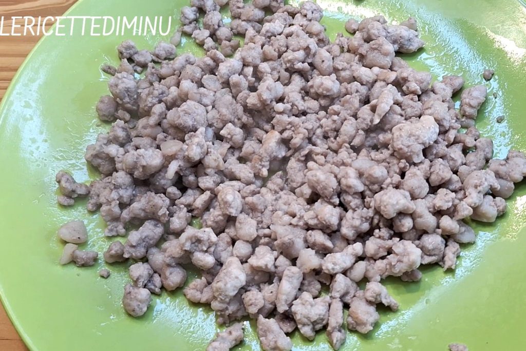 En una sartén caliente, cocinar la salchicha sin piel o la carne picada de cerdo sazonada, sin añadir aceite.
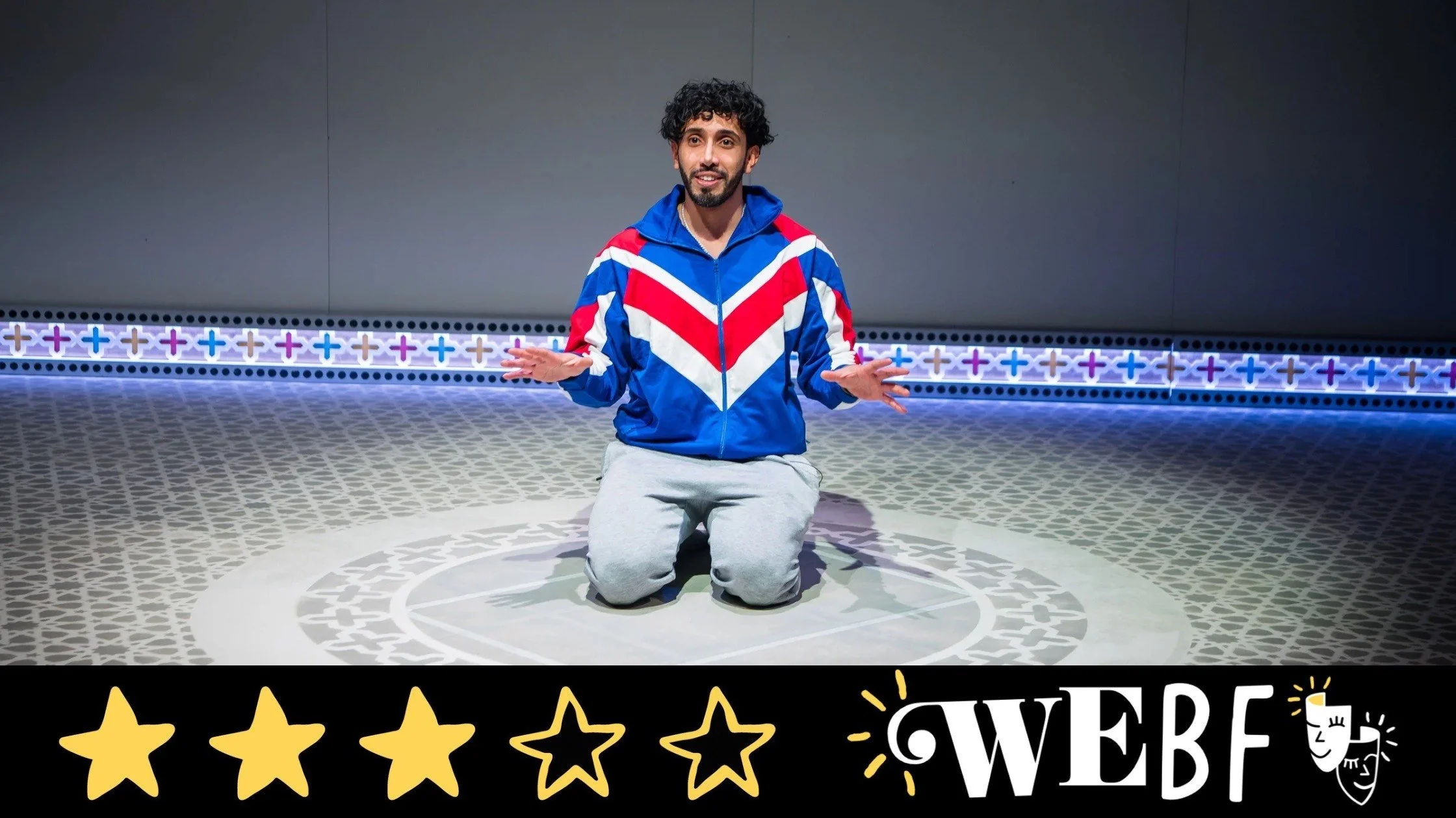The concept of a one-man show is an impressive feat, and Ali is certainly a vibrantly energetic actor who brings plenty of passion to his performance. Having just one actor onstage means that Ali multi-roles as every character in the show, such as Yasser’s father or friend from college. Occasionally, the transitions between different characters are not entirely clear, perhaps different body language, costume accessories or even use of voice overs could have aided this as a slight change in tone of voice is not always clear to the audience as an indicator of a character other than Yasser speaking.
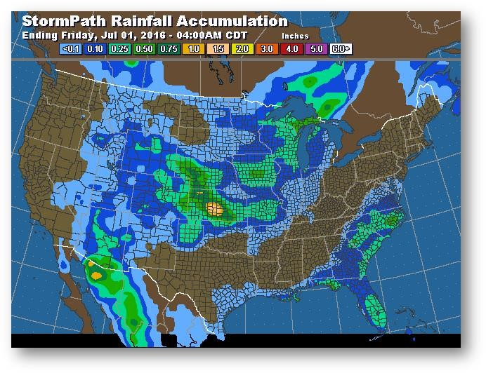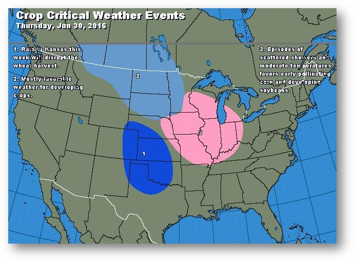 Hier, les prix ont chuté; le contrat de septembre (CU6) a clôturé en baisse de 0,10$. Les prévisions de précipitations à court terme ont déclenché une liquidation agressive de la position longue et la clôture de positions en vue de la publication des rapports d'aujourd'hui. L'affaissement du marché du blé a également été un élément baissier. Évidemment, l'attention aujourd'hui sera tournée vers les rapports du USDA sur les stocks et les superficies, mais il y a d'autres rapports à surveiller. Hier, le rapport sur l'éthanol a indiqué une augmentation de 4,3% de la production à 1,003 million de barils par jour en date du 24 juin. Le mélange essence/éthanol a atteint un nouveau record et les stocks d'éthanol sont aussi en hausse. Les ventes à l'exportation seront annoncées ce matin; le marché s'attend à 700 000 - 1 000 000 tonnes pour la dernière récolte et à 300 000 - 450 000 tonnes pour la prochaine récolte. C'est fin de mois, fin de trimestre et jour de publication de rapport, ce qui devrait bien alimenter le marché aujourd'hui.
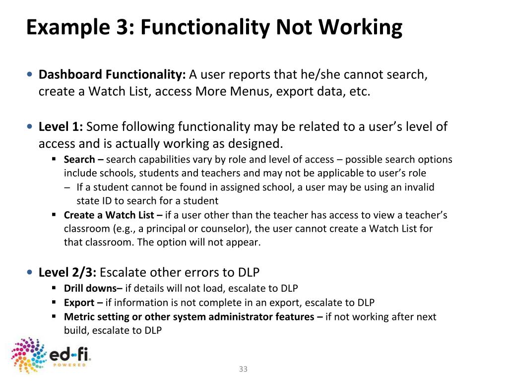 Example 3: Functionality Not Working • Dashboard Functionality: A user reports that he/she cannot search, create a Watch List, access More Menus, export data, etc. • Level 1: Some following functionality may be related to a user’s level of access and is actually working as designed. • Search – search capabilities vary by role and level of access – possible search options include schools, students and teachers and may not be applicable to user’s role • If a student cannot be found in assigned school, a user may be using an invalid state ID to search for a student • Create a Watch List – if a user other than the teacher has access to view a teacher’s classroom (e.g., a principal or counselor), the user cannot create a Watch List for that classroom. The option will not appear. • Level 2/3: Escalate other errors to DLP • Drill downs– if details will not load, escalate to DLP • Export – if information is not complete in an export, escalate to DLP • Metric setting or other system administrator features – if not working after next build, escalate to DLP
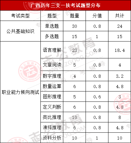 上篇我們寫到,三支一扶的待遇,在廣西這個(gè)待遇還算不錯(cuò),政策上的支持也非常好,那么預(yù)計(jì)這個(gè)月月底出公告的三支一扶,啥時(shí)候筆試呢?2024年廣西三支一扶筆試時(shí)間是7月13日,其筆試科目為《綜合知識(shí)》一科,滿分100分?;谕昕忌幕貞?,綜合知識(shí)內(nèi)容主要包括公共基礎(chǔ)知識(shí)和行測(cè)職業(yè)能力測(cè)試兩個(gè)科目,而各題型的題量及分值如下圖所示:
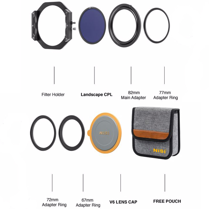 Dette kit indeholder NiSi’s ultra-tynde 86 mm Landscape polarisationsfilter (CPL), der har en kraftigere polarisationseffekt og giver endnu højere farvemætning og en mere blå himmel. Der medfølger også 4 adapterringe til de mest almindelige filterdiametre (67mm, 72mm, 77mm og 82mm) samt en praktisk, opbevaringstaske og et NiSi V6 objektivdæksel.
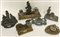Gruppo di sei calamai decorati con figure e animali di fatture e materiali differenti (difetti e mancanze)

------------------------------------------------------------

**WHAT YOU NEED TO DO**
Restate the entries above word for word, keeping pictures out of the copy.

**EXERCISE OUTPUT**
 En una sartén caliente, cocinar la salchicha sin piel o la carne picada de cerdo sazonada, sin añadir aceite.
The concept of a one-man show is an impressive feat, and Ali is certainly a vibrantly energetic actor who brings plenty of passion to his performance. Having just one actor onstage means that Ali multi-roles as every character in the show, such as Yasser’s father or friend from college. Occasionally, the transitions between different characters are not entirely clear, perhaps different body language, costume accessories or even use of voice overs could have aided this as a slight change in tone of voice is not always clear to the audience as an indicator of a character other than Yasser speaking.
 Hier, les prix ont chuté; le contrat de septembre (CU6) a clôturé en baisse de 0,10$. Les prévisions de précipitations à court terme ont déclenché une liquidation agressive de la position longue et la clôture de positions en vue de la publication des rapports d'aujourd'hui. L'affaissement du marché du blé a également été un élément baissier. Évidemment, l'attention aujourd'hui sera tournée vers les rapports du USDA sur les stocks et les superficies, mais il y a d'autres rapports à surveiller. Hier, le rapport sur l'éthanol a indiqué une augmentation de 4,3% de la production à 1,003 million de barils par jour en date du 24 juin. Le mélange essence/éthanol a atteint un nouveau record et les stocks d'éthanol sont aussi en hausse. Les ventes à l'exportation seront annoncées ce matin; le marché s'attend à 700 000 - 1 000 000 tonnes pour la dernière récolte et à 300 000 - 450 000 tonnes pour la prochaine récolte. C'est fin de mois, fin de trimestre et jour de publication de rapport, ce qui devrait bien alimenter le marché aujourd'hui.
 Example 3: Functionality Not Working • Dashboard Functionality: A user reports that he/she cannot search, create a Watch List, access More Menus, export data, etc. • Level 1: Some following functionality may be related to a user’s level of access and is actually working as designed. • Search – search capabilities vary by role and level of access – possible search options include schools, students and teachers and may not be applicable to user’s role • If a student cannot be found in assigned school, a user may be using an invalid state ID to search for a student • Create a Watch List – if a user other than the teacher has access to view a teacher’s classroom (e.g., a principal or counselor), the user cannot create a Watch List for that classroom. The option will not appear. • Level 2/3: Escalate other errors to DLP • Drill downs– if details will not load, escalate to DLP • Export – if information is not complete in an export, escalate to DLP • Metric setting or other system administrator features – if not working after next build, escalate to DLP
 上篇我們寫到,三支一扶的待遇,在廣西這個(gè)待遇還算不錯(cuò),政策上的支持也非常好,那么預(yù)計(jì)這個(gè)月月底出公告的三支一扶,啥時(shí)候筆試呢?2024年廣西三支一扶筆試時(shí)間是7月13日,其筆試科目為《綜合知識(shí)》一科,滿分100分?;谕昕忌幕貞?,綜合知識(shí)內(nèi)容主要包括公共基礎(chǔ)知識(shí)和行測(cè)職業(yè)能力測(cè)試兩個(gè)科目,而各題型的題量及分值如下圖所示:
 Dette kit indeholder NiSi’s ultra-tynde 86 mm Landscape polarisationsfilter (CPL), der har en kraftigere polarisationseffekt og giver endnu højere farvemætning og en mere blå himmel. Der medfølger også 4 adapterringe til de mest almindelige filterdiametre (67mm, 72mm, 77mm og 82mm) samt en praktisk, opbevaringstaske og et NiSi V6 objektivdæksel.
Gruppo di sei calamai decorati con figure e animali di fatture e materiali differenti (difetti e mancanze)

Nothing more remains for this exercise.